Share your dilemmas and get honest opinions from other Mumsnetters.

See all MNHQ comments on this thread

To ask if you are OK with your daughter's subs being spent on this?

863 replies

KatieAlcock · 24/07/2020 19:43

I've just come to update you on my case against Girlguiding, where they expelled me for raising safeguarding concerns and for asking why we had to believe in inner gender identity to be a leader.
Girlguiding have spent AT LEAST £35,000 and probably more like £100,000 of the subs you pay for your daughter to go to Rainbows, Brownies or Guides, on defending a case against me, a committed leader who wants to make sure girls are safe and leaders have freedom of expression.

Full text of my update in the next post so as not to bore you to death!

OP posts:
SarahTancredi · 28/07/2020 13:49

raspberry

Because all the ways it apparently "works" are with trans people all being upfront and honest about who they are not requesting to do anything that lobby groups are training organisations to think that are fine.

It relies on everyone knowing eachother and implied consent that they are OK with it.

Its relying on girls uncomfortable withdrawing themselves.

Its relying on girls telling leaders they arent happy.

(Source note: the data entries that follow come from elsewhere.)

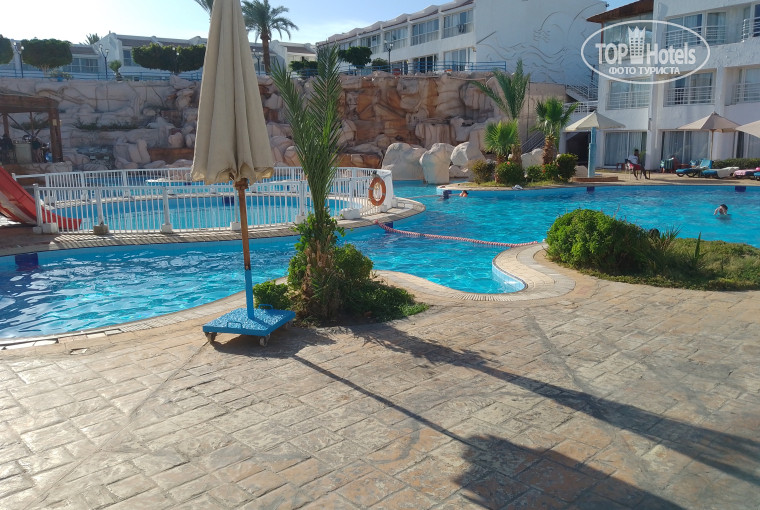 Бронировали отель самостоятельно 4000 руб (50$) за двоих в сутки по системе всё включено поехали ради эксперимента т.к. уж больно привлекательная бывает на этот отель цена и всё оказалось вполне ок. Кормят очень даже хорошо мясо, рыба постоянно присутствует, гарниры салаты за уши, на ужин постоянно что-то жарят на гриле, спиртное без ограничения только в мелкие пластиковые минзурки, пляж палма 2.5 км в конце улицы Эль фанар возит автобус примерно каждый час туда и обратно первый автобус с утра битком лучше на такси или пешком, или на следующем, на пляже бар от отеля кола, фанта, спрайт, чай, кофе с 10 до 16 без ограничения. Номера практически все без балкона но окно огромное в пол. Очень много народу в ресторане во время кормления большая суета но места всем хватает но это особенность больших отелей, персонал очень вежливый и внимательный. Вылет из шарма был в 23.15 продлили до 19.30 с обедом и ужином за 30 долларов. За 10 долларов предоставили авто в аэропорт. В общем за такую цену Отель можно рассматривать для отдыха это наше личное мнение, всем приятного отдыха.
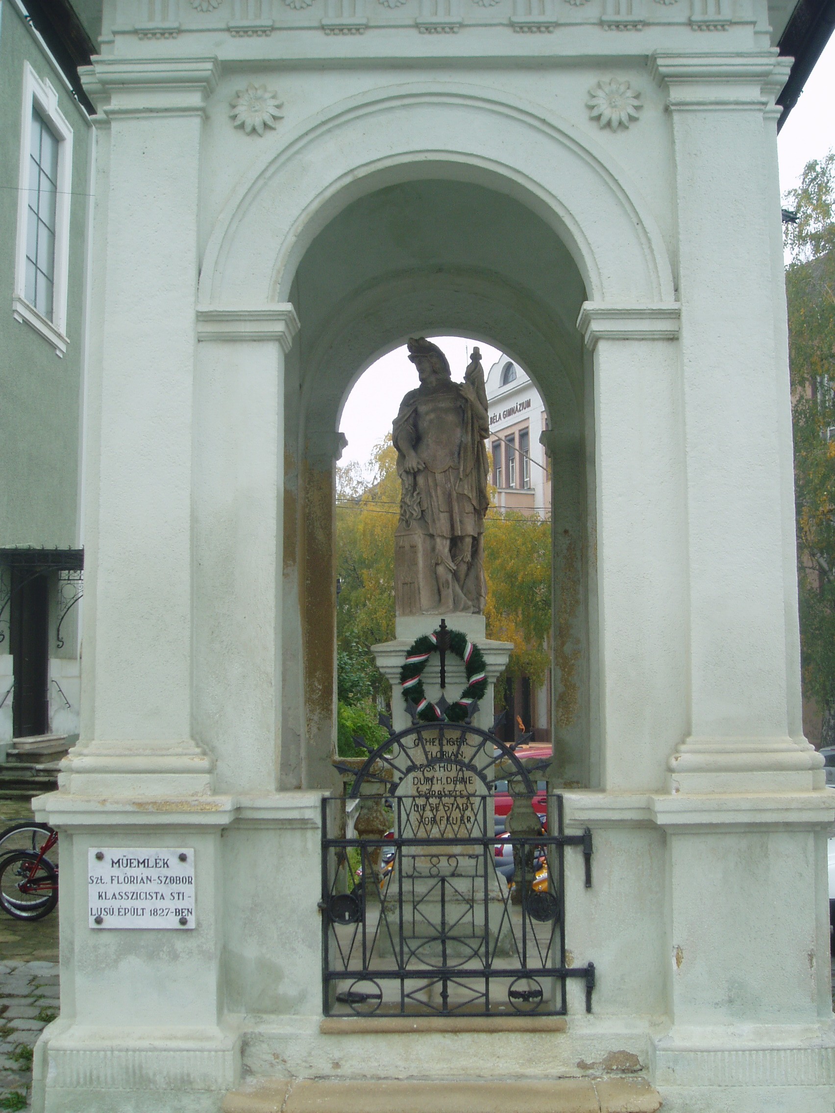 Nyilvános 1114 | 2096 | Baja, Szent Imre tér 5. Szent Flórián-szobor | A plébániatemplom melletti szoborfülkében áll 1827 óta Domenico Berti kőfaragó Szent Flóriánt ábrázoló, klasszicista stílusú szobra. A tűzoltók védőszentjének szobrát egy tekintélyes bajai polgár, Arnó György állíttatta azzal a fohásszal, hogy Szent Flórián védelmezze meg a várost a tűztől. Az első jelentős tűzvész, amiről források szólnak, 1742-ben pusztított Baján. Az ezt követő másfél évszázadban több mint ezerszer lobbant fel tűz a városban. Nagy tűz volt 1806-ban és 1819-ben, 1840-ben pedig az egész város leégett. A fénykép 2007 októberében készült. Felh. irod.: www.vendegvaro.hu Gál Zoltán: A bajai tűzoltóság hőskora. = www.bacskaisport.hu |
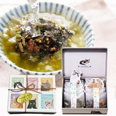 Подарок на день для вашей коробочки Ochazuke Kitty с кислыми сливами кисю нанко умэбоси и ароматной основой для оядзукэ с кодзи. Подарочные товары для кота оядзукэ со сливами кисю нанко. Коробка для отца 8
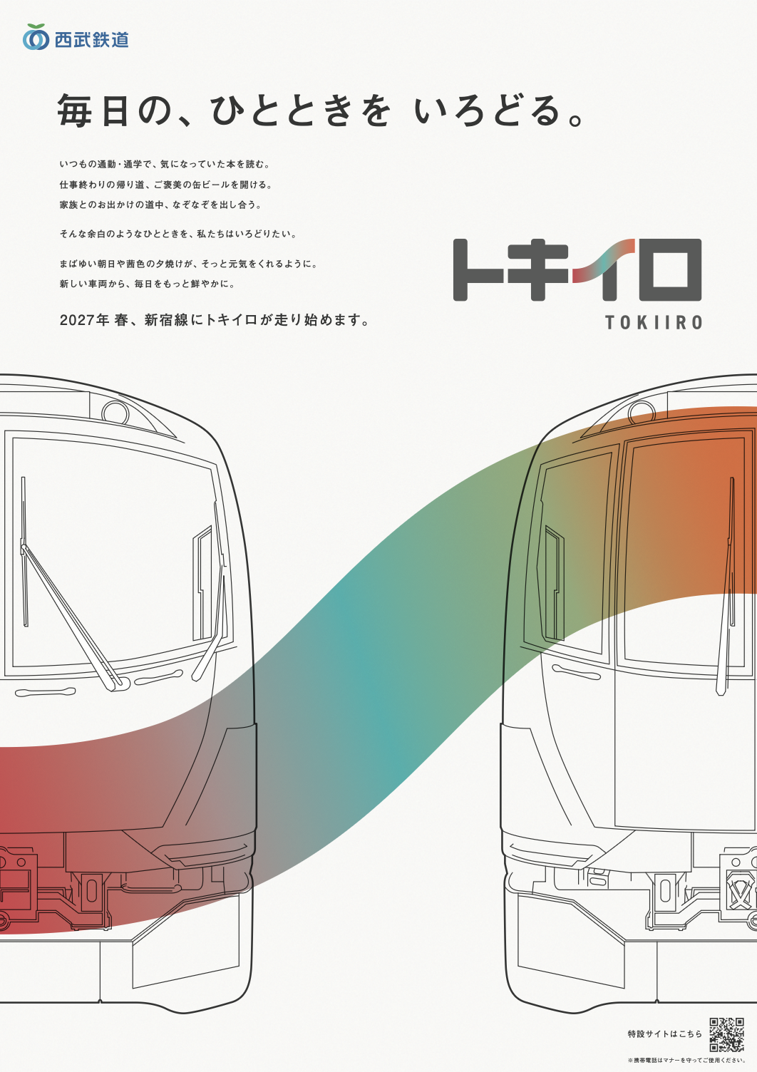 トキイロの車両側面にデザインされたグラデーションの「エナジーウェーブ」は、朝から昼へ、昼から夕方へ移り変わる空の色をイメージしています。トキイロという愛称も「時の色」を意味しており、沿線の日常を豊かにする存在になっていきたいという想いが込められています。
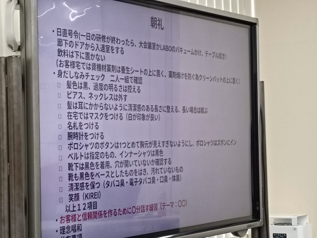 今日は最後の講義日として、「本部理解」から始まり、会議室・ラボの清掃、そして開業後のサポート講話まで盛りだくさんの一日でした。
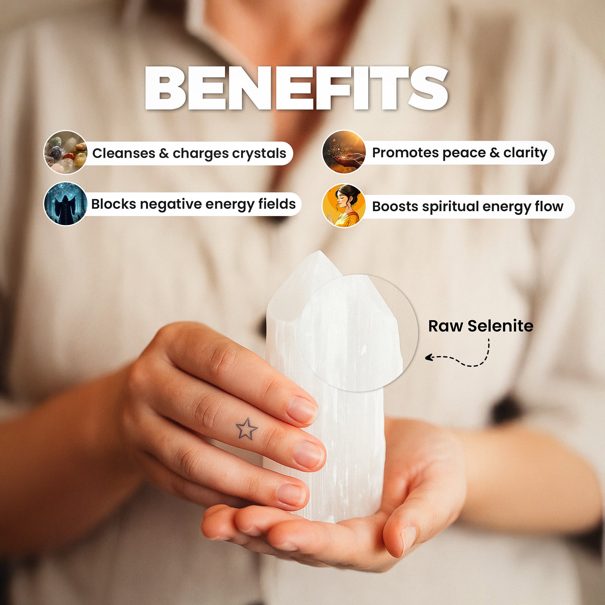 Cleansing Energy: Selenite is renowned for its ability to clear negative energies from both the environment and objects. By placing other crystals on a selenite plate or coaster, users can effectively cleanse them of any stagnant or unwanted energies, ensuring they are ready for use in healing practices

Its relying on never going anywhere where they might have to go to the toilets together and if they do placing strangers in the situation you are trying to avoid at the meetings.

How can you say that's working

titchy · 28/07/2020 13:50

If you look on Twitter it is a very difference reaction/story

Oh yes, Twitter, that bastion of informed sensible debate and opinion. Really raspberry, when you resort to saying 'Twitter says it's fine' you know you've lost the debate.

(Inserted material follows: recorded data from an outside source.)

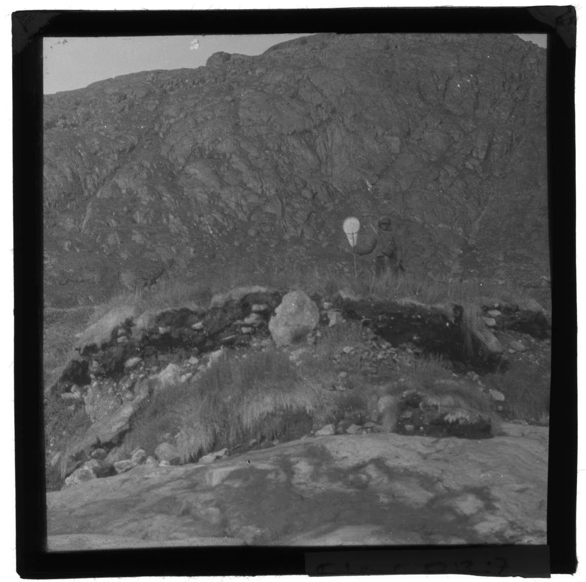 '1 person med håv stående på gräsbevuxen yta med bergvägg i bakgrunden. :: :: Ingår i serie med fotonr. 5213:1-7, se även fotonr. 5217:1-98. Se även hela fotonr. 5202-5218 med bilder från Frits Johansen.'
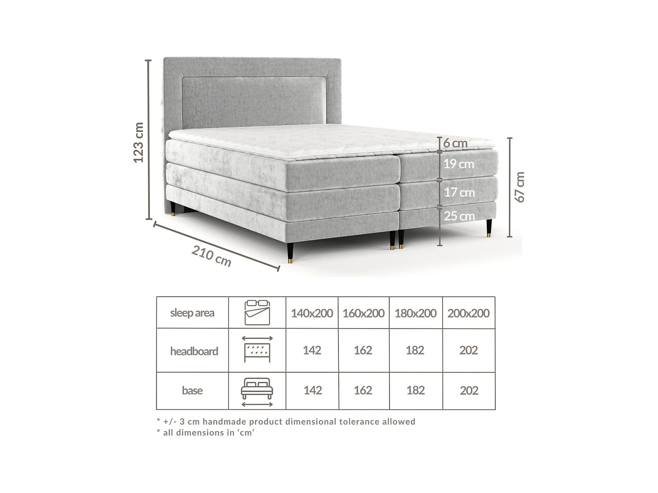 Boxspringbett aus Webstoff Sub - Matratze - Toppermatratze - 180x200 cm - grau
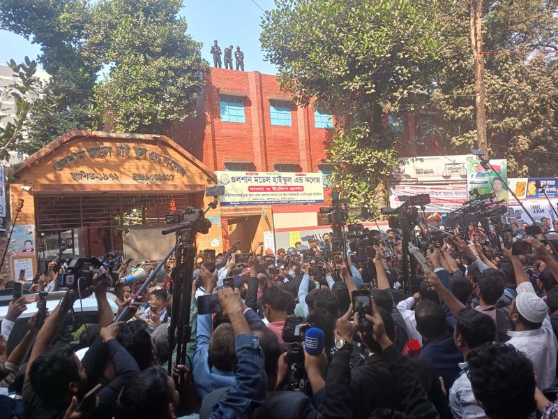 A large contingent of Bangladeshi and foreign media, including mainstream reporters, YouTubers and TikTokers, waited for hours outside the centre.

KatieAlcock · 28/07/2020 13:55

With the greatest respect, raspberry, I know you are doing your best, but the guidance from GG does NOT allow for girls to be comfortable and respected. It's just not possible for them to allow transgirls to share with biological girls and not tell parents, and at the same time allow girls to be comfortable and respected. Any time a child's sex is a secret (from girls or from parents) there is a risk of another child being uncomfortable and disrespected.
Likewise the guidance does NOT allow for trans children to be safe. Again, if their sex is a secret, this is something a predator can hold against them. You cannot say "it's unlikely" or "nobody would do that" or "everyone knows they are trans". The guidance does NOT allow for "everyone knowing they are trans".

So either you are not upholding the guidance (if you ask Alice, Amy and Amelia if they are happy sharing with a transgirl, and their parents too, you've broken the guidance) or you are getting children into a situation where their boundaries are breached and where their parents haven't consented to what's happening.

Likewise with adults, you may think "all transwomen are open and honest about their trans status" but there is NO onus on them to be open, under GG guidance. So if you tell your fellow leader "Debbie is coming, you know her, she's trans" then you've breached guidelines. If you don't tell your fellow leader Debbie is sharing a room with you two, you've put your fellow leader in a very uncomfortable situation.

And if you think that "parents won't object" or "leaders should be happy to share with Debbie", is that your decision to make?

There are things that GG has done in the past that I thought "well, that's a bit contradictory, but I'm sure we can make it work in practice". So I totally get where you are coming from - for example, there was some odd guidance on children of leaders where it sounded like if you took a 14 year old child along to help with a group of Rainbows, but the child wasn't a YL, you had to have a separate adult to supervise the 14 year old (I can't remember exactly but it was along those lines). In practice everyone was saying "they've made a mistake, ignore it". But if you do something that's not in the guidelines (e.g. ask parents if they are happy with Alice, Amy and Amelia sharing with a transboy) and something happens, you are liable because you haven't followed GG guidelines.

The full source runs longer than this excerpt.